[HL-29] Algorithm - Union Find
Context and problem
This is used to partition a set of elements into a number of disjoint sets.
For example,
# a set of elements
[1, 2, 3, 4, 5, 6, 7, 8]
# some elements are connected
(1,2)
(2,5)
(2,6)
(8,6)
(3,4)
# partitioned into disjoint subsets
[[1,2,5,6,8], [3,4], [7]]
Solution
We can use union-find to solve this problem. Basically, we create a forest (a set of trees), which each tree is a disjoint set.
It has two operations: union
and find
.
find
returns the root of current element, which follows the chain of parent pointers until reaching the root element.union
connects two elements if their roots are different.

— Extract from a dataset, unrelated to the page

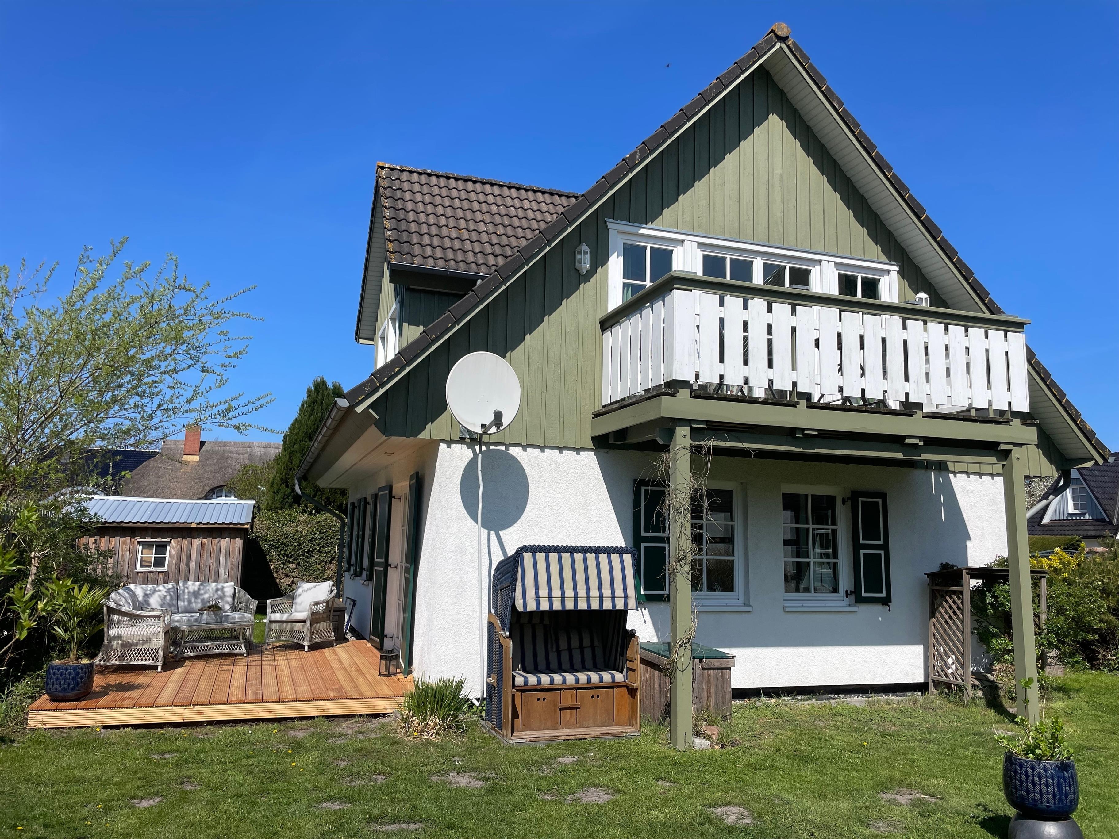 Sonnige Terrasse im grünen. Absolute Ruhe durch Endlage am Privatweg. Kein Verkehr vor der Tür(!). Keine Ferienanlage \"dicht an dicht\". Sie wohnen mitten zwischen den Prerowern. Antike Möbel kombiniert mit moderner Einrichtung. Typisches Darßer Leben. Tipp: Reisen Sie mir 6 oder 8 Personen, mieten Sie das ganze Ferienhaus Schiffen... \"An Deck und Unter Deck\".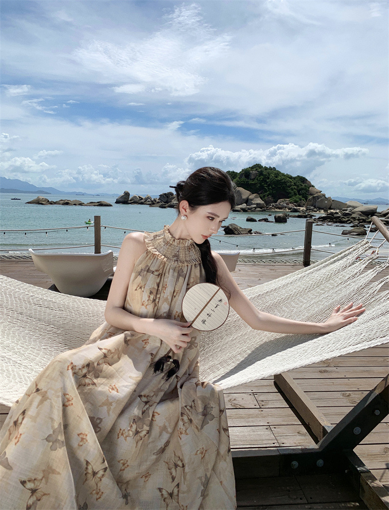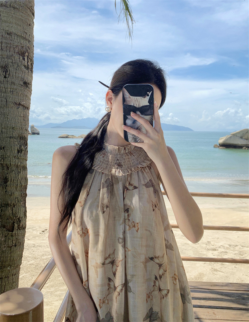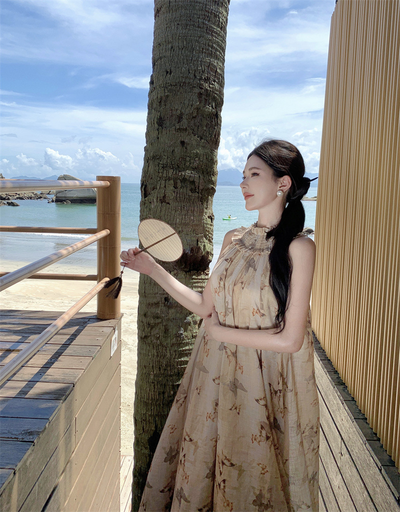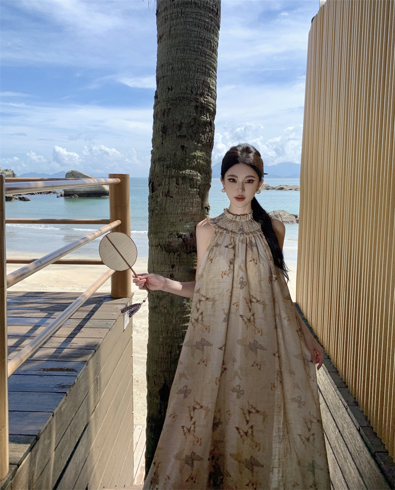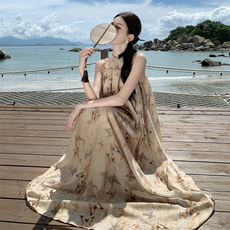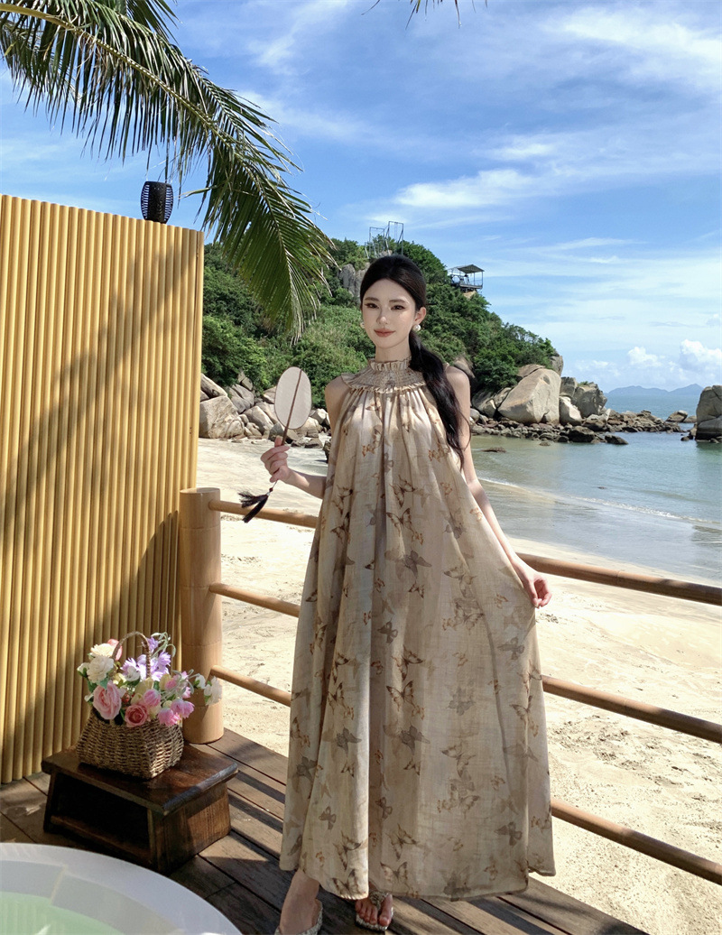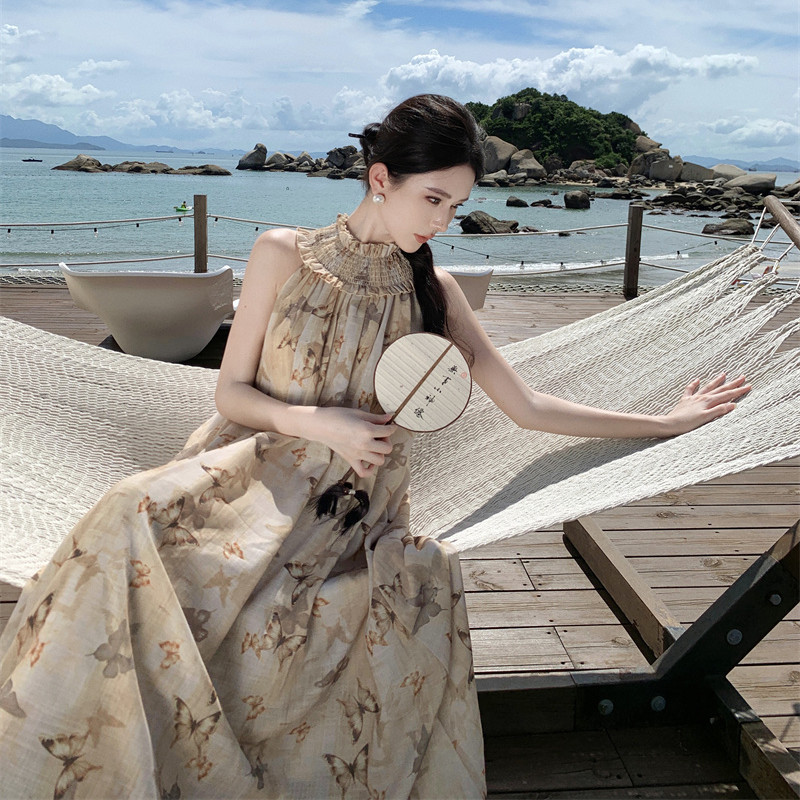 小众设计法式挂脖串珠连衣裙宽松极简印花吊带长裙

- Initially, every element’s parent is itself.
- When two elements
are connected, we use
find
to figure out their roots at first. - If their roots are different, we merge two roots to make them become a single tree.
Issues and considerations
- Height of trees can grow as
O(n)
. - Unbalanced tree increases the time of
find
. - Two ways: merging by height (rank) or size of trees.
When to use this algorithm
This algorithm is used for finding disjoint sets. Even if the problem is defined in 2D, we can use an array to represent the data and apply this algorithm.
Example
- Leetcode
#200
# ruby version
def find(a, x)
pts = x
while a[pts] != pts
pts = a[pts]
end
return pts
end
def generate_input(test_data)
test_data.split('\n').map { |item| item.split('') }
end
# @param {Character[][]} grid
# @return {Integer}
def num_islands(grid)
if grid.nil? or grid.length == 0 or grid[0].length == 0
return 0
end
m = grid.length
n = grid[0].length
count = 0
a = []
m.times do |i|
n.times do |j|
if grid[i][j] == '1'
a.push(i*n + j)
count += 1
else
a.push(-1)
end
end
end
moves = [[0, 1], [1, 0], [0, -1], [-1, 0]]
m.times do |i|
n.times do |j|
if grid[i][j] == '0'
next
end
moves.each do |move|
x = i + move[0]
y = j + move[1]
if x >= 0 and x < m and y >= 0 and y < n and grid[x][y] == '1'
root_x = find(a, i * n + j)
root_y = find(a, x * n + y)
if root_x != root_y
a[root_x] = root_y
count -= 1
end
end
end
end
end
count
end
# test case
test_data = '11110\n' \
'11010\n' \
'11000\n' \
'00000'
grid = generate_input(test_data)
puts num_islands(grid) == 1